Aytun Çıray: Türkiye'nin hakları tehdit altında
Aytun Çıray, Türkiye’nin Kıbrıs’taki ve Doğu Akdeniz’deki egemenlik haklarını ve bu hakların bekasını tehdit altında olduğuna dikkat çekti.
İYİ Parti Genel Başkan Yardımcısı İzmir Milletvekili Aytun Çıray, Doğu Akdeniz’de son zamanlarda çok tehlikeli gelişmeler yaşandığını belirterek, bu gelişmelerin Türkiye’nin Kıbrıs’taki ve Doğu Akdeniz’deki egemenlik haklarını ve bu hakların bekasını tehdit ettiğine dikkat çekti.
Çıray, ülkemizin bir enerji yolu kavşağı olarak ülkemizin ekonomik geleceğini tehdit eden gelişmenin son merhalesinin 20 Mart 2019’da İsrail’in ABD tarafından da kabul edilen sözde başkenti Kudüs’te bir deklarasyonla açıklanan ABD-İsrail-Güney Kıbrıs Rum Yönetimi ve Yunanistan ittifakı olduğunu vurguladı.
Çıray açıklamasına şöyle devam etti:
“Müttefikimiz ABD Suriye’de YPG ile Suriye’nin, dolayısıyla Türkiye’nin bütünlüğünü tehdit eden politikalardan sonra, Kıbrıs’ta Kuzey Kıbrıs Türk Cumhuriyeti vatandaşlarının ve Türkiye’nin egemenlik haklarını tehdit eden politikalara yönelmiştir.
ABD, YUNANİSTAN VE İSRAİL’E NOTA VERİLEREK AÇIKLAMA İSTENMELİYDİ..
Bu AKP’nin kurucu ruhun ‘Yurtta Barış, Dünyada barış’ ilkesinden uzaklaşmış, 17 yıllık çok hatalı dış politikalarının vahim sonuçlarından birisidir. 20 Mart’ta ABD Dışişleri Bakanı Pompeo, İsrail Başbakanı Netanyahu, Yunanistan Başbakanı Çipras ve Güney Kıbrıs Rum Yönetimi Başbakanı Anastasiadis’in imzalayıp açıkladıkları Kudüs deklarasyonu, Doğu Akdeniz’deki muazzam doğaz gaz ve petrol yataklarının işletilmesinde Türkiye’yi tamamen devre dışı bırakmaktadır.
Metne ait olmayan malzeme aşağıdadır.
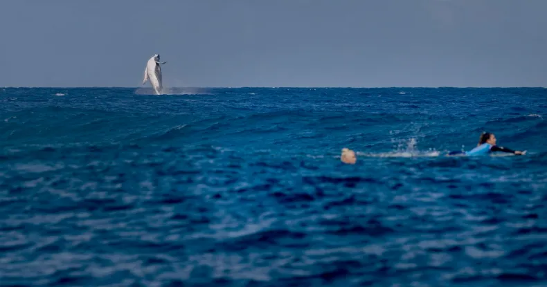 Durante la semifinal entre Tatiana Weston-Webb y Brisa Hennessy, una ballena saltó sobre el agua, brindando a los espectadores y fotógrafos un momento memorable. Las apariciones de animales silvestres, como aves, focas e incluso tiburones, son bastante comunes en competiciones de surf en todo el mundo.

Daha vahimi, kurulan ittifakın ‘Akdeniz’deki ve Ortadoğu’daki habis huylu etkilere karşı mücadele kararlığını’ ilan etmektedir. Burada çiğnenen Kuzey Kıbrıs’ın ve Türkiye’nin egemenlik hakları olduğuna göre, İngilizce ‘malign’, yani habis huylu dış etkilerle kastedilen muhtemelen Türkler ve Türkiye’dir. Seçimi şirazesinden çıkararak, gerçek sorunların gündeme gelmesini engellemek için soyut bir beka sorunu icat edenler, bu somut egemenlik tehdidi konusunda maalesef hiçbir şey yapmamışlardır. Washington, Tel Aviv ve Atina’ya Doğu Akdeniz’de ve Ortadoğu’da işarete ve deklare ettiğiniz ‘habis dış politika etkileri’yle hangi ülkeleri ve güçleri kimlerdir, nelerdir sorusunu bir notayla sorma cesaretini dahi gösterememişlerdir.
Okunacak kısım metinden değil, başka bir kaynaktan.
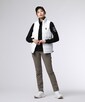 総柄面にはファスナー付きの胸ポケット、無地面には左右にボタン付きのポケットを取り付けているので、どちらの面で使用しても便利な設計に。柄物とコーディネートがしやすい無地面には、左胸と背中上部部分にバニーとフォントロゴのプリントを入れています。

BEKA ONLAR İÇİN SADECE UCUZ VE BASİT BİR SEÇİM MALZEMESİ
Bu bekanın onlar için ucuz ve basit bir seçim malzemesinden öte bir anlam taşımadığını gösterdiği gibi, ortaya gerçek bir beka sorunu çıktığında AKP’nin ve Cumhur İttifakının küçük ortağının hiçbir adım atamayacağının bir delilidir.
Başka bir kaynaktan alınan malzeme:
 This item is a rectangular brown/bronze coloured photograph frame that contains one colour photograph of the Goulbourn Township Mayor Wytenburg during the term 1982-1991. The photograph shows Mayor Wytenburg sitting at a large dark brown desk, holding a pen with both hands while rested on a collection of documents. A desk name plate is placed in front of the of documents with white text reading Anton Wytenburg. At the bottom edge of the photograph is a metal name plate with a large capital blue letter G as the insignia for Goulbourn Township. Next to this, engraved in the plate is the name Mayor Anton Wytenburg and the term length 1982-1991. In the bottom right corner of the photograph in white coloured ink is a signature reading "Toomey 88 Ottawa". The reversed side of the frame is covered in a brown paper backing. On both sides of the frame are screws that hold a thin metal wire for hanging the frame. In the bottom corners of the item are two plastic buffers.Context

O halde iş, bekanın somut egemenlik haklarını korumaktan geçtiğini bilenlere düşmektedir. İşte ben de bu çerçevede görevimi yapıyor, şu soruları yazılı olarak Meclis Başkanlığı vasıtasıyla cevaplaması için Dışişleri Bakanı sn. Mevlüt Çavuşoğlu’na soruyorum:
*Çok değil on yıl önce bölge ülkelerinden hiçbiri Türkiye’nin Doğu Akdeniz’deki egemenlik haklarıyla ilgili bir konuda Türkiye Cumhuriyeti’ni bu şekilde dışarda bırakmaya cesaret edemezken, şimdi Devletimizi tamamen dışarıda bırakan ittifaklar kurmalarını ve açıkça egemenlik haklarımızı tehdit eden bir noktaya gelebilmiş olmalarını nasıl açıklıyorsunuz?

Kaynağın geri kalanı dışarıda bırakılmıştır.